INFORMATION SHOWN:
· · · ·
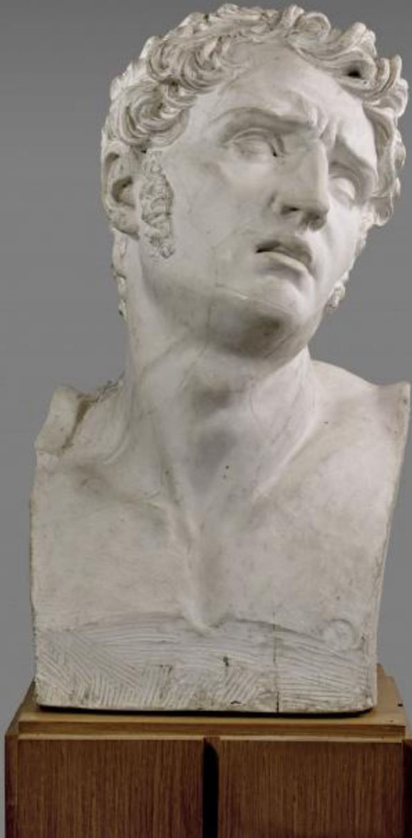
Pierre-Jean David d'Angers (Angers, 1788 – Paris, 1856), Douleur , 1811, plâtre, Paris, Ecole nationale supérieure des Beaux-Arts.
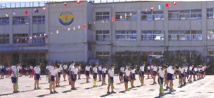
四年生 練習の成果大
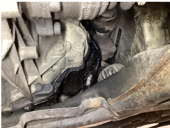
3.4 Oljelekkasje i forkant
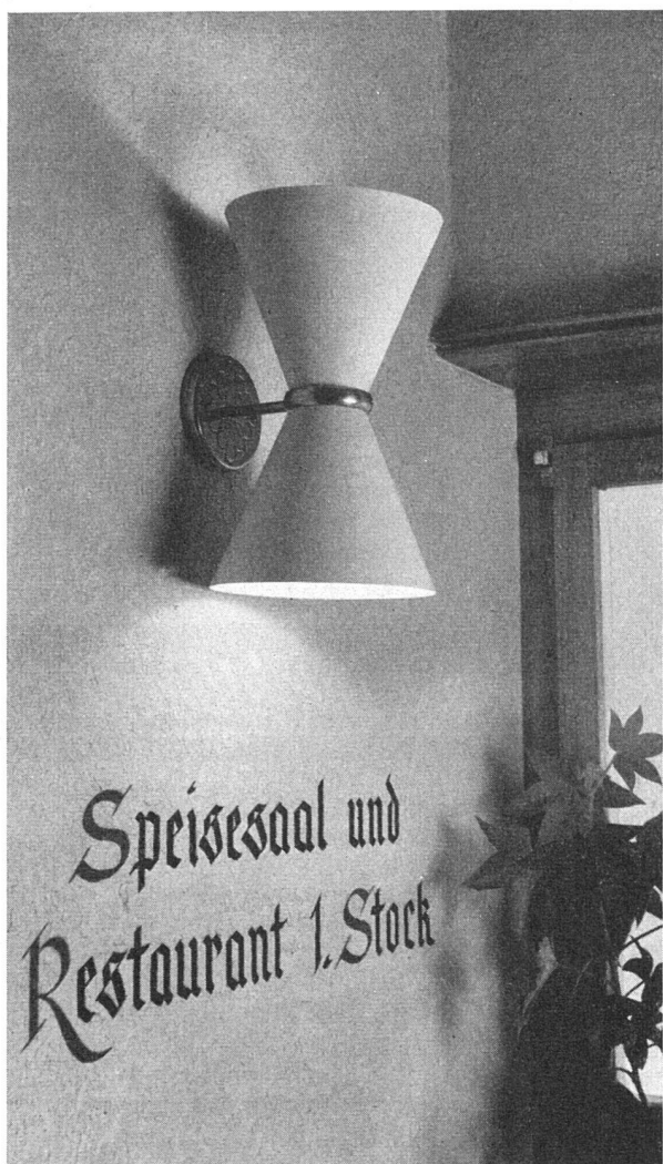
Restaurant Löwen, Kloten
· · · ·
EXERCISE OBJECTIVE:
Would you give the material back exactly, minus the pictures?

RESPONSE FOR THIS EXERCISE:
Pierre-Jean David d'Angers (Angers, 1788 – Paris, 1856), Douleur , 1811, plâtre, Paris, Ecole nationale supérieure des Beaux-Arts.
四年生 練習の成果大
3.4 Oljelekkasje i forkant
Restaurant Löwen, Kloten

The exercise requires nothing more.